There are currently four scripts, three shell and one R (you will only run astral_prep.sh and astral_run.sh at the comand line). The first script, astral_prep.sh, creates directories for each UCE alignment and calls an R sript, 'RCmds'. The R script, RCmds, uses 'ips' and 'parallel' libraries to convert formats (nexus to phylip) and it calls a third script, 'run_RAxML.sh', which launches parallel RAxML analyses depending on how many threads you allocate in the RCmds R script. The fourth script, astral_run.sh, creates new directories, moves the RAxMl trees into one of the directories, merges all of the trees into a single file, moves the bootstrap files into a directory, creates a file with a list of paths pointing to each bootstrap file, and launches Astral-III.

If your UCE alignments have a lot of identical sequences, RAxML will generate a .reduced alignment that can be used to rerun the RAxML ML ands bootstrap analyses and then rerun Astral III.

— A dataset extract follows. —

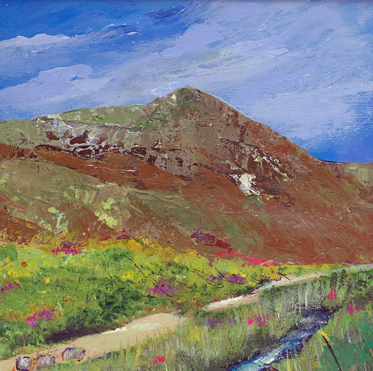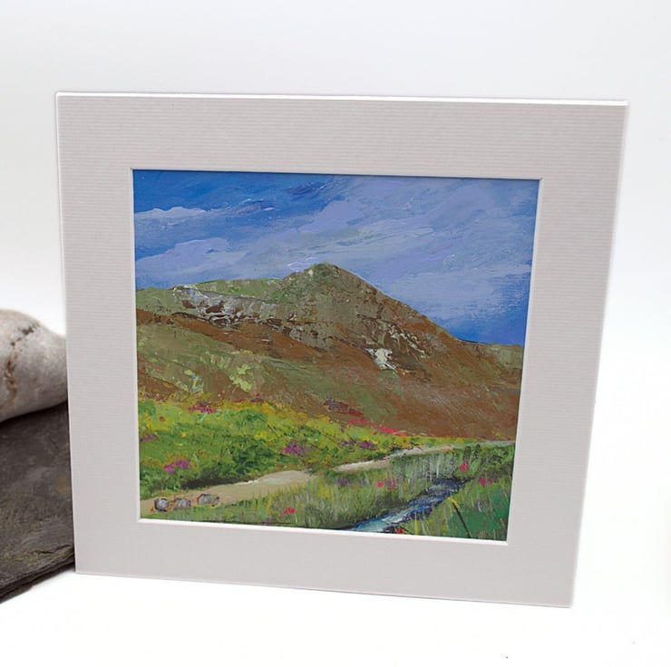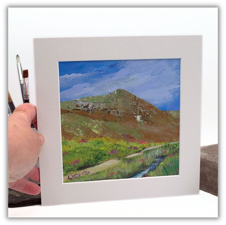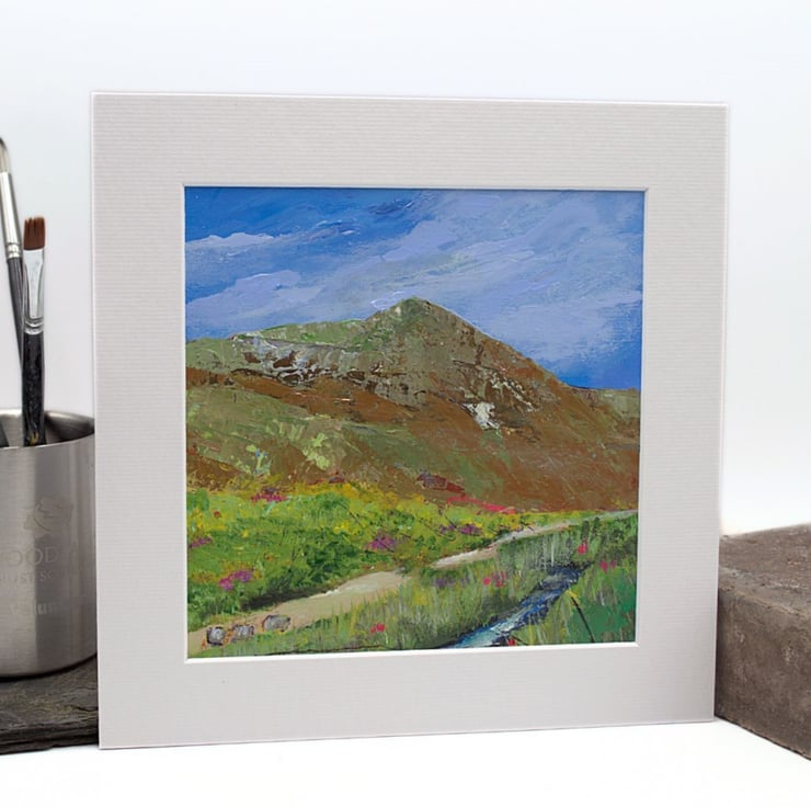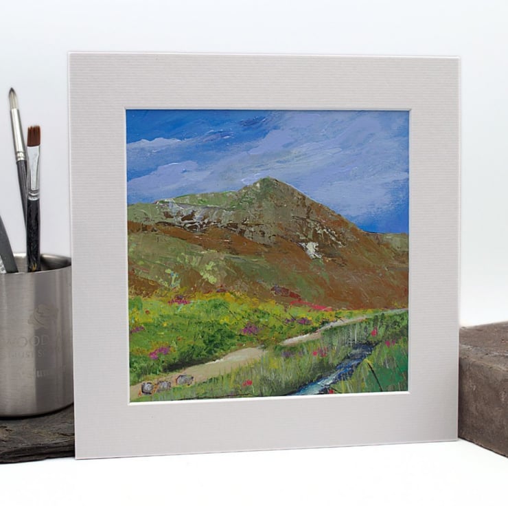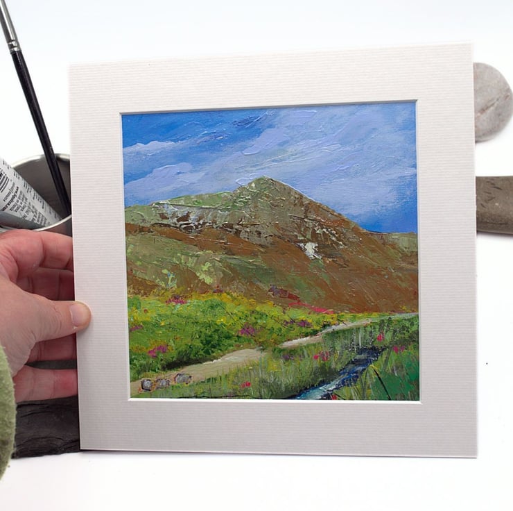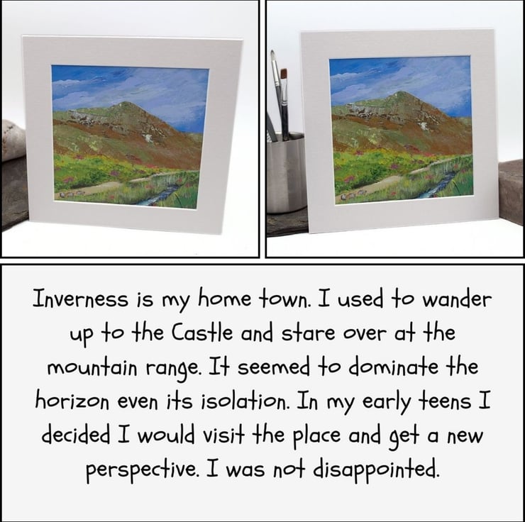 This is a small original artwork of a Scottish mountain. The mountain is Ben Wyvis which rests in the north of Scotland in the Highland region. The sky is a light blue with wisps of clouds brushing over the summit. There is a path that will take visitors to the start of the climb and the wee river offers a place to rest and cool off. I have used professional-quality acrylics on sealed paper. I've used flat brushes to paint the sky and knives to outline the Ben. By using painting knives, I've been able to layer the paint and scratch in to the layers.
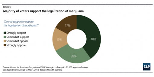 A majority of all partisan, gender, and racial groups now support cannabis legalization, the poll found. Across all respondents, 68% said they favor legalization, with 40% saying they’re “strongly” in favor. That’s up since April, when a Quinnapiac poll found 63% support for legalization. In January, that number was 58%.

there are two addition scripts appended with "_reduced" for RAxML and Astral analyses. RCmds_reduced Astral_run_reduced.sh

Installation and prep for Ubuntu 16.04:

  1. If you do not have the latest parallel version of RAxML installed, follow the "Compiling RAxML" directions in the RAxML v8 manual (ctrl-click to open in new window). Be sure to compile one of the two parallele option, MPI or PTHREADS (Note: PTHREADS has several options SSE3, AVX, AVX2. You need to check you CPU to see which of these instructions it supports - SSE3 is slowest, AVX2 is fastest (New Xeon chips support AVX2 as of April 2018).
  2. Clone the RAxML_Astral_trees git files to your home directory (or wherever you like) (Note: '$' is your prompt, do not enter this character):
$ git clone https://github.com/calacademy-research/RAxML_Astral_trees.git
  1. You will now have a directory named 'RAxML_Astral_trees' with all required scripts:
~/RAxML_Astral_trees
  1. Make sure R is installed and that the R libraries ips and parallel are installed. Launch R at the command prompt (you should see a greater than symbol as your new prompt '>') and enter install.packages(c("ips", "parallel")):
$ R
>
>install.packages(c("ips", "parallel"))

Printed and scrolling on screen, you will see the installation progress. You may get a message that one or both libraries already exists, which should be OK. If you get errors that you cannot resolve, you will have to consult your Sys Admin.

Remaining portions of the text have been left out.